▶ Task requirements: In the data below, find the line with "La Borsa a Mano" and the line with "Unplug. Unwind. Connect.", then restate both and every line between them exactly, minus the pictures.

▶ Extracted records:
--------------------------------
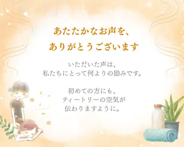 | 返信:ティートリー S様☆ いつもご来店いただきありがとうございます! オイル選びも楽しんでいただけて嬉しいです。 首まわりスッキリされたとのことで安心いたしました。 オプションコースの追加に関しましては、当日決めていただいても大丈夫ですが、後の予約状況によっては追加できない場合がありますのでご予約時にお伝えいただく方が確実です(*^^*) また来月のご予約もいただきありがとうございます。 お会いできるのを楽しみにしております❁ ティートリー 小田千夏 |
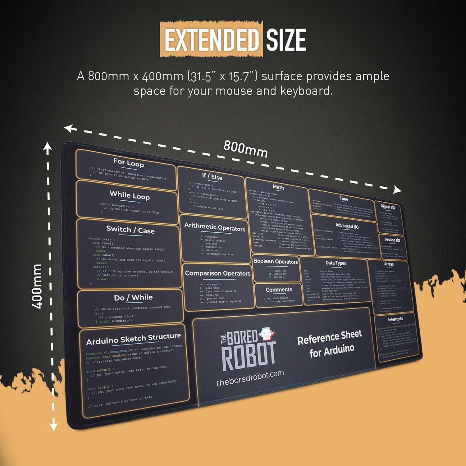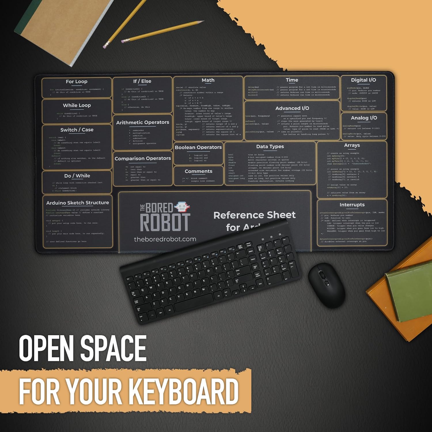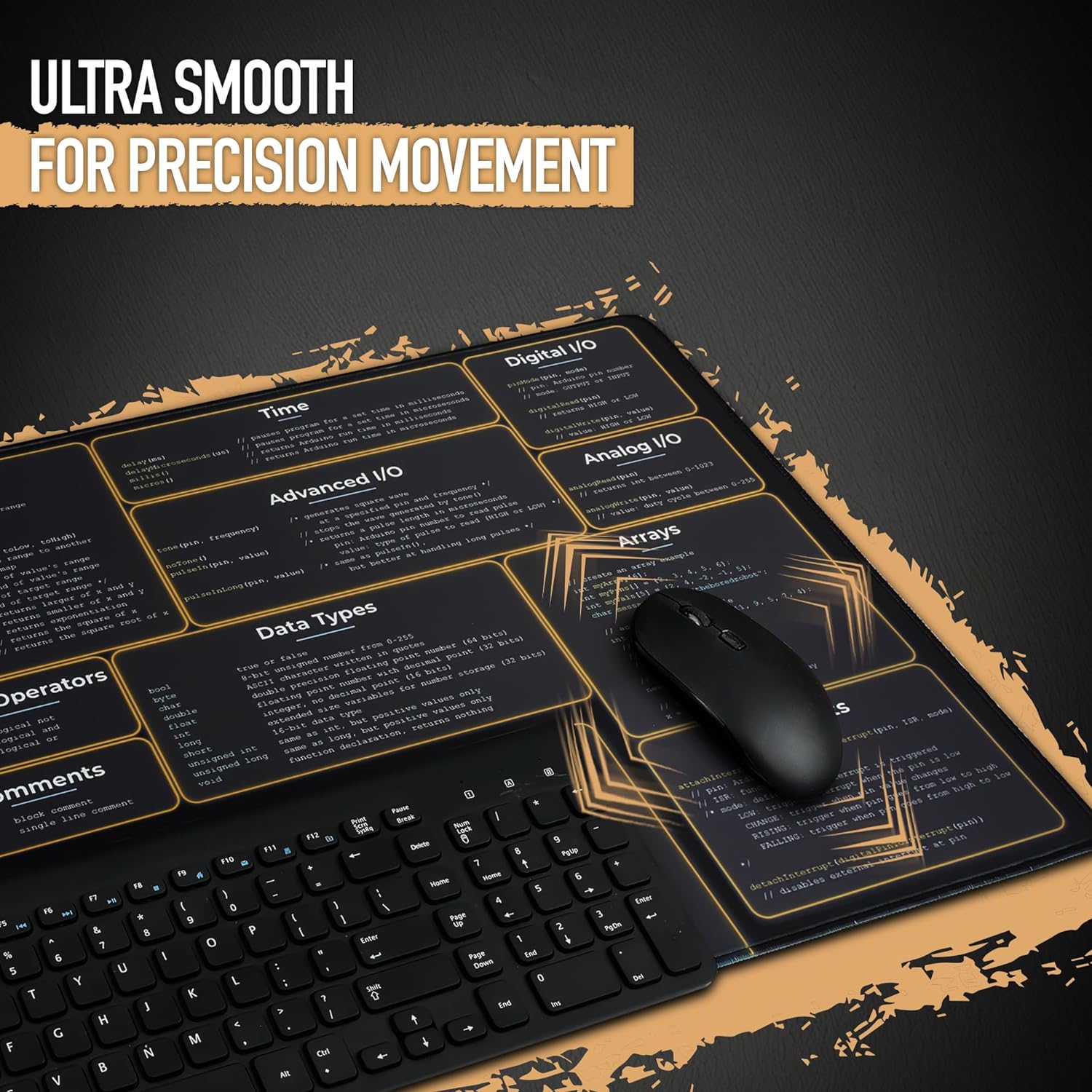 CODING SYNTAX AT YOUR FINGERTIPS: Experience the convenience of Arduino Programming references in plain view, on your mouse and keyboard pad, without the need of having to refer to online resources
--------------------------------
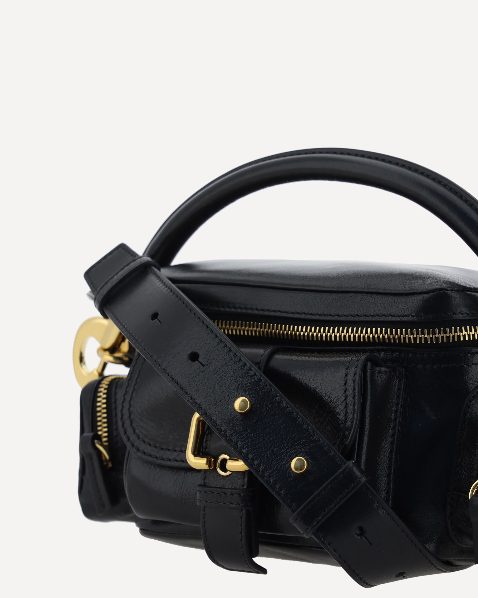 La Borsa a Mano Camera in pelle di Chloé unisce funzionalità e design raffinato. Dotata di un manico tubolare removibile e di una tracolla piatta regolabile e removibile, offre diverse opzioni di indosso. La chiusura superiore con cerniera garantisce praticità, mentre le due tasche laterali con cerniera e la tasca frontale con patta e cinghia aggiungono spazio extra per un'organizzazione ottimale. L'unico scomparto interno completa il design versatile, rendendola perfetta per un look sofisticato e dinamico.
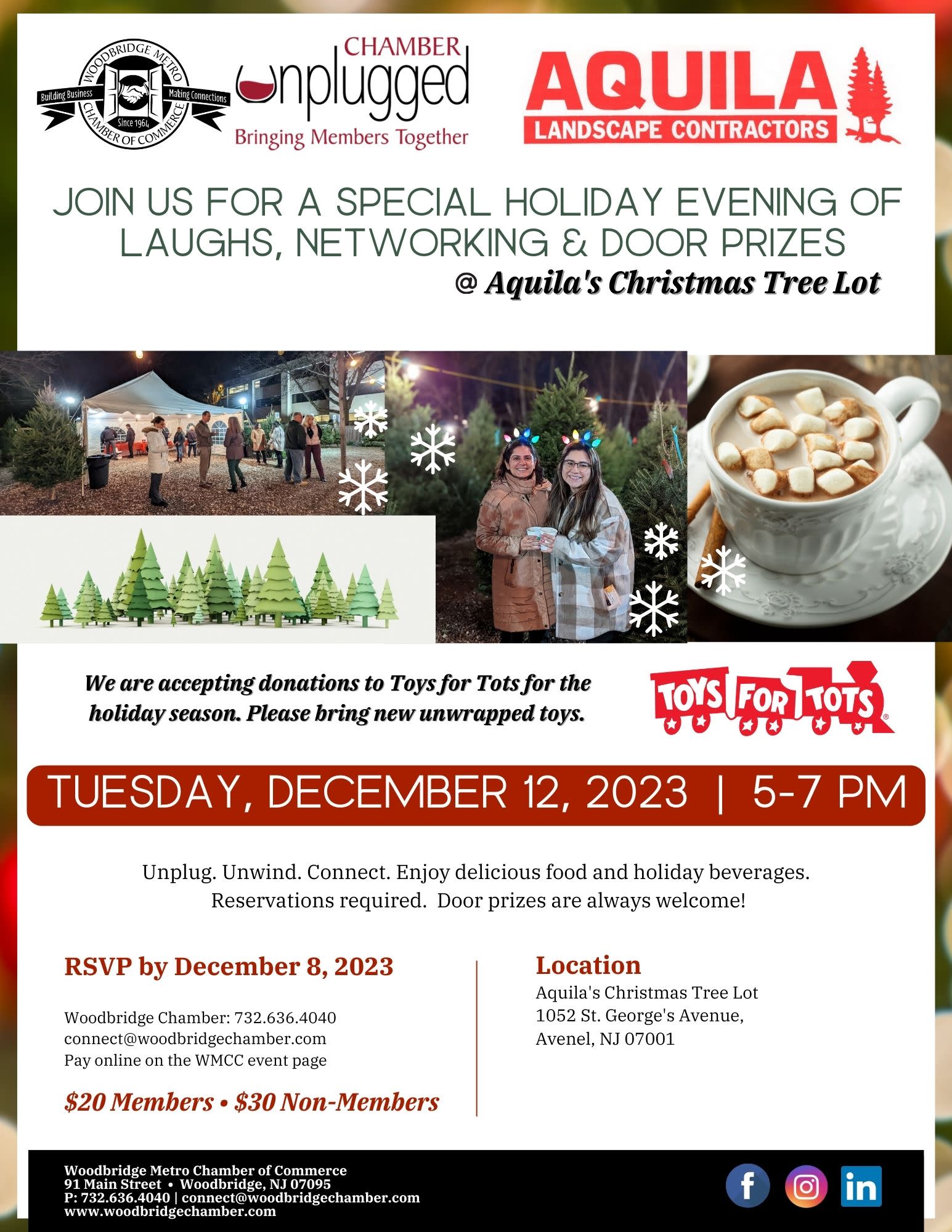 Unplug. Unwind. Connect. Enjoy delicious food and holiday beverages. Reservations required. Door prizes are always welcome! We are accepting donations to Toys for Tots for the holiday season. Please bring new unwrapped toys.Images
--------------------------------
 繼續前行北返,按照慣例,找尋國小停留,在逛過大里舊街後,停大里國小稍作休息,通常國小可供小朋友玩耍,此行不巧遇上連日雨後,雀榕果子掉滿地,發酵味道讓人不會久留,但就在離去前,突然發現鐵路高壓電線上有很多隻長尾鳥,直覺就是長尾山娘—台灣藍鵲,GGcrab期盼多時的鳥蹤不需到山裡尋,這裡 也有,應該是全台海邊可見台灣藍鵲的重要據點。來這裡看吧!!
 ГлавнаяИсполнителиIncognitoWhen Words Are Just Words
--------------------------------
▶ Exercise solution:
 La Borsa a Mano Camera in pelle di Chloé unisce funzionalità e design raffinato. Dotata di un manico tubolare removibile e di una tracolla piatta regolabile e removibile, offre diverse opzioni di indosso. La chiusura superiore con cerniera garantisce praticità, mentre le due tasche laterali con cerniera e la tasca frontale con patta e cinghia aggiungono spazio extra per un'organizzazione ottimale. L'unico scomparto interno completa il design versatile, rendendola perfetta per un look sofisticato e dinamico.
 Unplug. Unwind. Connect. Enjoy delicious food and holiday beverages. Reservations required. Door prizes are always welcome! We are accepting donations to Toys for Tots for the holiday season. Please bring new unwrapped toys.Images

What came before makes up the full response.